Locust swarms could hold the key to developing effective collision avoidance technology for robots, drones and self-driving cars
- Locusts fly in swarms of millions but a special neuron stops them from colliding
- Researchers from the US have made an electronic version inspired by the insects
- The sensor is far less bulky than current alternatives and responds in seconds
Drones, robots and self-driving cars could dodge accidents in future thanks to a new sensor inspired by the collision avoidance neurons of swarming locusts.
Flying locusts travel in swarms of millions at 2–3 miles an hour — but are capable of making evasive manoeuvres within just hundreds of milliseconds to avoid collisions.
Researchers from the US have developed an electronic version of a special neuron, unique to locusts, that allows them to react rapidly without using much energy.
Unlike current collision sensors for self-driving cars — which tend to be bulky and heavy — the insect-inspired detector is tiny and can respond in just two seconds.
Drones, robots and self-driving cars could dodge accidents in future thanks to a new sensor inspired by the collision avoidance neurons of swarming locusts, pictured (stock image)
‘We are always looking for animals with unusual abilities, ones that do something better than humans,’ said paper author and engineer Saptarshi Das of the Pennsylvania State University.
‘Insect vision is something people use regularly to design automatic systems because they fly and don’t collide, but then we found locusts are unique.’
Unlike other insects, locusts use a single, specialised neuron in order to avoid collisions — one experts call the Lobula Giant Movement Detector, or ‘LGMD’.
‘So we started looking at how it works and, locusts are just incredible. What these creatures can do is very humbling,’ Dr Das added.
The researchers found that the LGMD neuron responds to two signals — one from the eye, which is triggered by the sight of an approaching locust and grows as the other insect gets closer — and the second the bugs’ relative angular velocities.
‘Because the neuron has two branches, the locust computes the changes in these two inputs and realises that something is going to collide, so the avoiding locust changes direction,’ added Penn. State engineer Darsith Jayachandran.
Based on the locust’s special avoidance mechanism, the researchers developed a nano-sized collision sensor using a photo-detector made of a single layer of molybdenum sulphide.
They placed this on top of a tiny programmable memory circuit that together can — using only a small amount of energy — mimic the neuron response in flying locusts.
The development, the team said, ‘is a leap forward towards the development of smart, low-cost, task-specific, energy efficient and miniaturised collision-avoidance systems.’
Researchers from the US have developed an electronic version of a special neuron, unique to locusts, that allows them to react rapidly without using much energy
‘While locusts can only avoid collisions with other locusts, our device can detect potential collisions of a variety of objects at varying speeds,’ said Dr Das.

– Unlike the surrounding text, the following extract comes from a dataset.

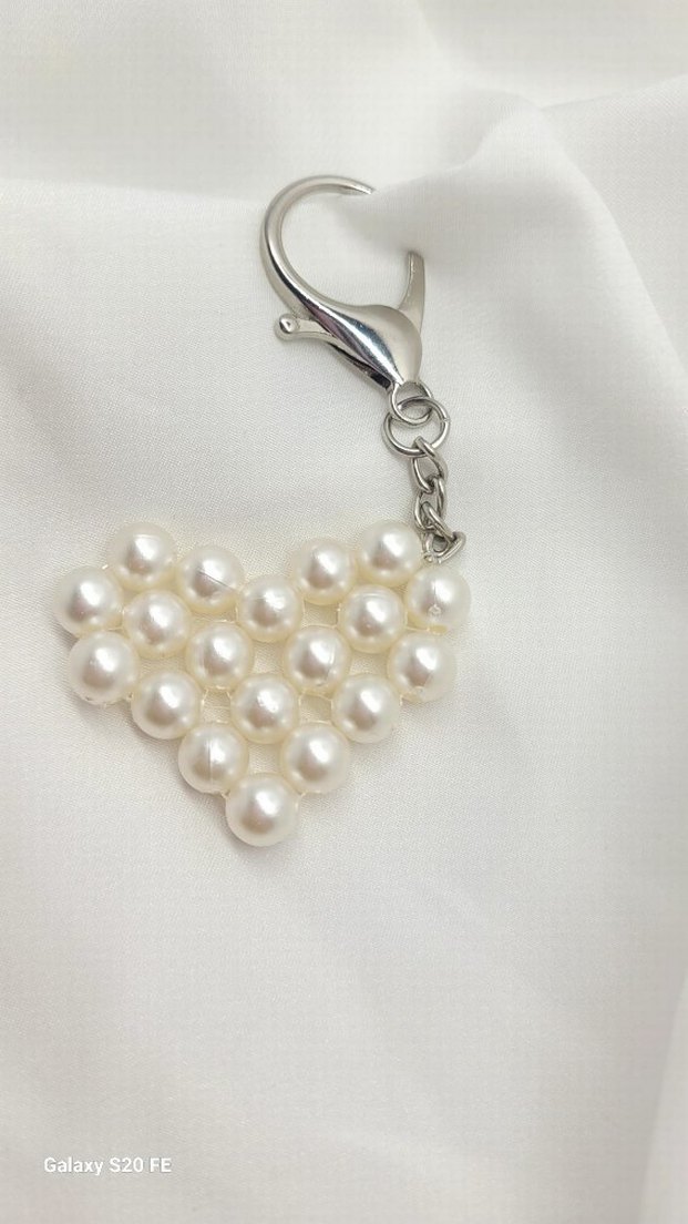 Beyaz inci görünümlü boncuklardan oluşan kalp şeklinde modern kadın anahtarlık, gümüş renkli toka ile tamamlanmıştır.

With their initial study complete, the researchers now need to optimise their device to deal with situations beyond just that of direct collisions — which is what the present setup had been tuned for.
‘We can’t do every measurement, every situation. ‘So we developed a numerical model,’ added paper author and engineer Aaryan Oberoi, also of Penn. State.
‘We can also test if multiple devices on the same chip would work better. So far, it looks like a single device will be sufficient. However, a multi-pixel collision detector array can offer collision avoidance in 3D space,’ he added.
The full findings of the study were published in the journal Nature Electronics.